What you will do: The lines from the one containing "Window Grid Antenna, Wheels: 21" through the last line below, both ends included, must be reproduced exactly, with no pictures.

[Opening Given data section]

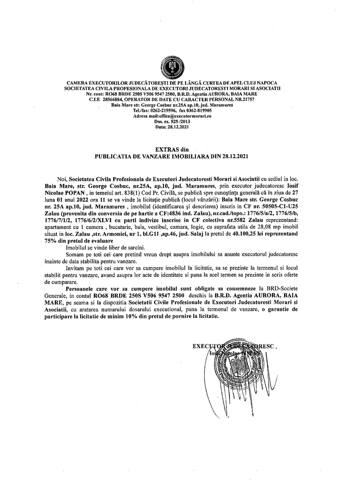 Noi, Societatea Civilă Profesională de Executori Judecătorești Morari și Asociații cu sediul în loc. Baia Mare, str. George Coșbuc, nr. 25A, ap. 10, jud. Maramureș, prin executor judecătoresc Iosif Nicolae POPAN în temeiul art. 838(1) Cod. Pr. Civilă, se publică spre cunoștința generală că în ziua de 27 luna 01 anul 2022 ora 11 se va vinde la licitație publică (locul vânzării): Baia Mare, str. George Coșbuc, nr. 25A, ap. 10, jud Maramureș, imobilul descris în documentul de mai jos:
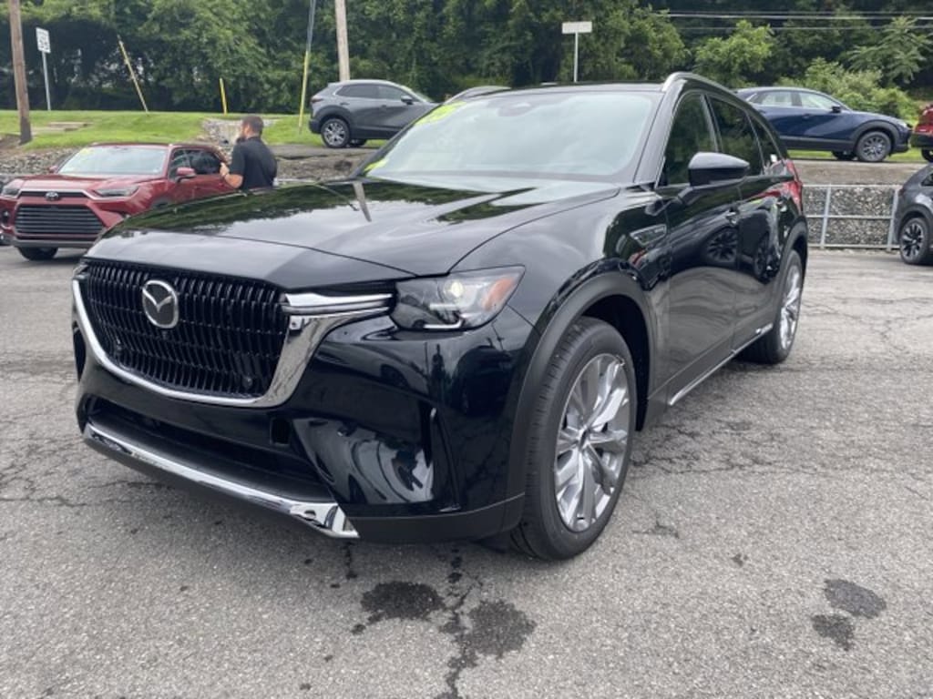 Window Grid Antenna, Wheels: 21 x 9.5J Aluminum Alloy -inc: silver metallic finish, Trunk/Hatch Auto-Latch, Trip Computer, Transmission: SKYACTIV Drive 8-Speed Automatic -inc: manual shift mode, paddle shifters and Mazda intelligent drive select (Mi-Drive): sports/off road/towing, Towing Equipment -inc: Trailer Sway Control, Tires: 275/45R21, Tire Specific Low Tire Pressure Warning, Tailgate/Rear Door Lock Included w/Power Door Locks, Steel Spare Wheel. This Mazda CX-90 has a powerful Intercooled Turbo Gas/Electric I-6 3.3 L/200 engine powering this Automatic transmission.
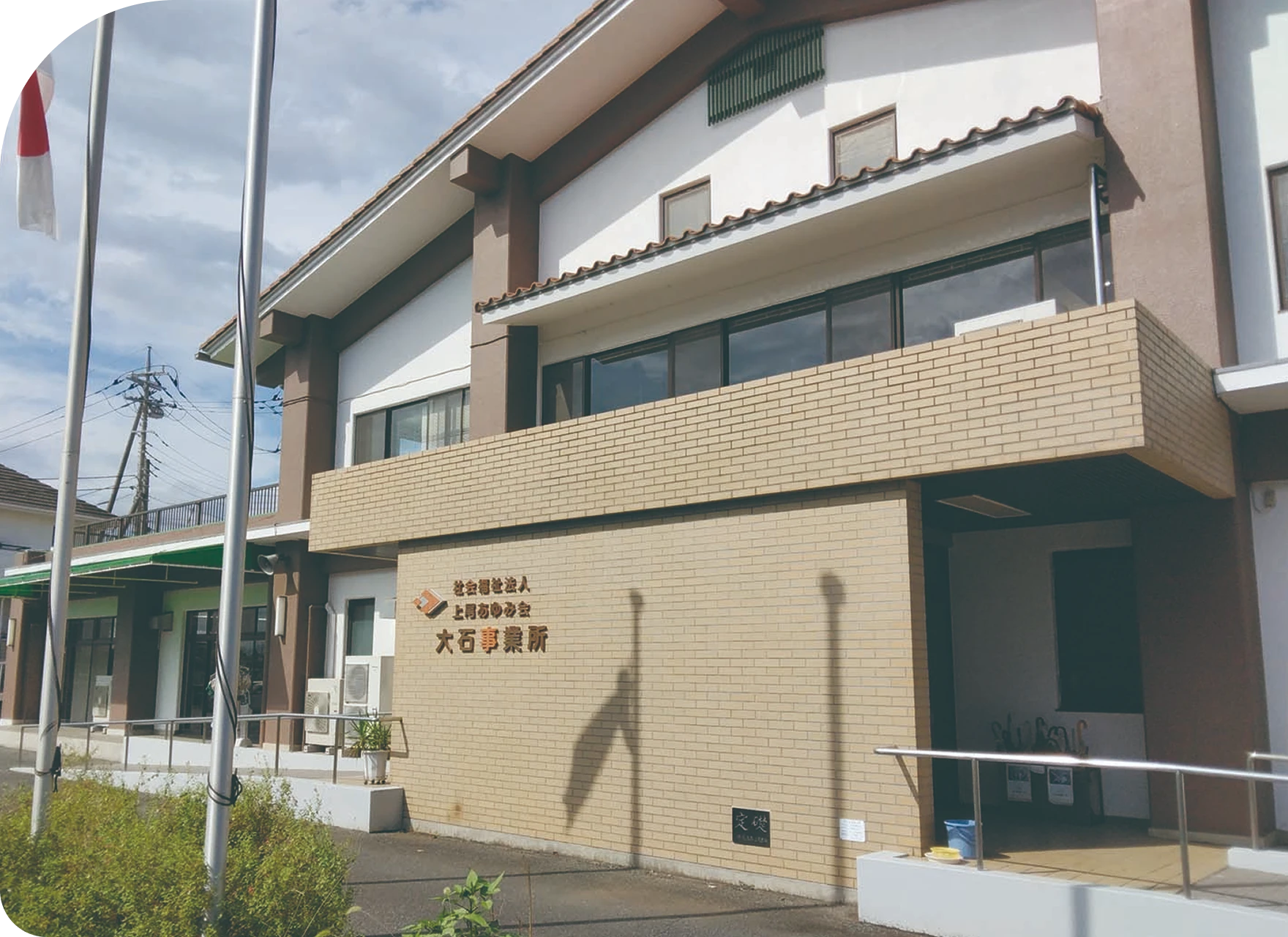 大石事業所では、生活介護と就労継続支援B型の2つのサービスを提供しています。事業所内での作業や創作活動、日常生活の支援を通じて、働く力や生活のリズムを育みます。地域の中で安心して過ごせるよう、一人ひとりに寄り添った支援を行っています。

[Closing Given data section]

Output for this exercise:
 Window Grid Antenna, Wheels: 21 x 9.5J Aluminum Alloy -inc: silver metallic finish, Trunk/Hatch Auto-Latch, Trip Computer, Transmission: SKYACTIV Drive 8-Speed Automatic -inc: manual shift mode, paddle shifters and Mazda intelligent drive select (Mi-Drive): sports/off road/towing, Towing Equipment -inc: Trailer Sway Control, Tires: 275/45R21, Tire Specific Low Tire Pressure Warning, Tailgate/Rear Door Lock Included w/Power Door Locks, Steel Spare Wheel. This Mazda CX-90 has a powerful Intercooled Turbo Gas/Electric I-6 3.3 L/200 engine powering this Automatic transmission.
 大石事業所では、生活介護と就労継続支援B型の2つのサービスを提供しています。事業所内での作業や創作活動、日常生活の支援を通じて、働く力や生活のリズムを育みます。地域の中で安心して過ごせるよう、一人ひとりに寄り添った支援を行っています。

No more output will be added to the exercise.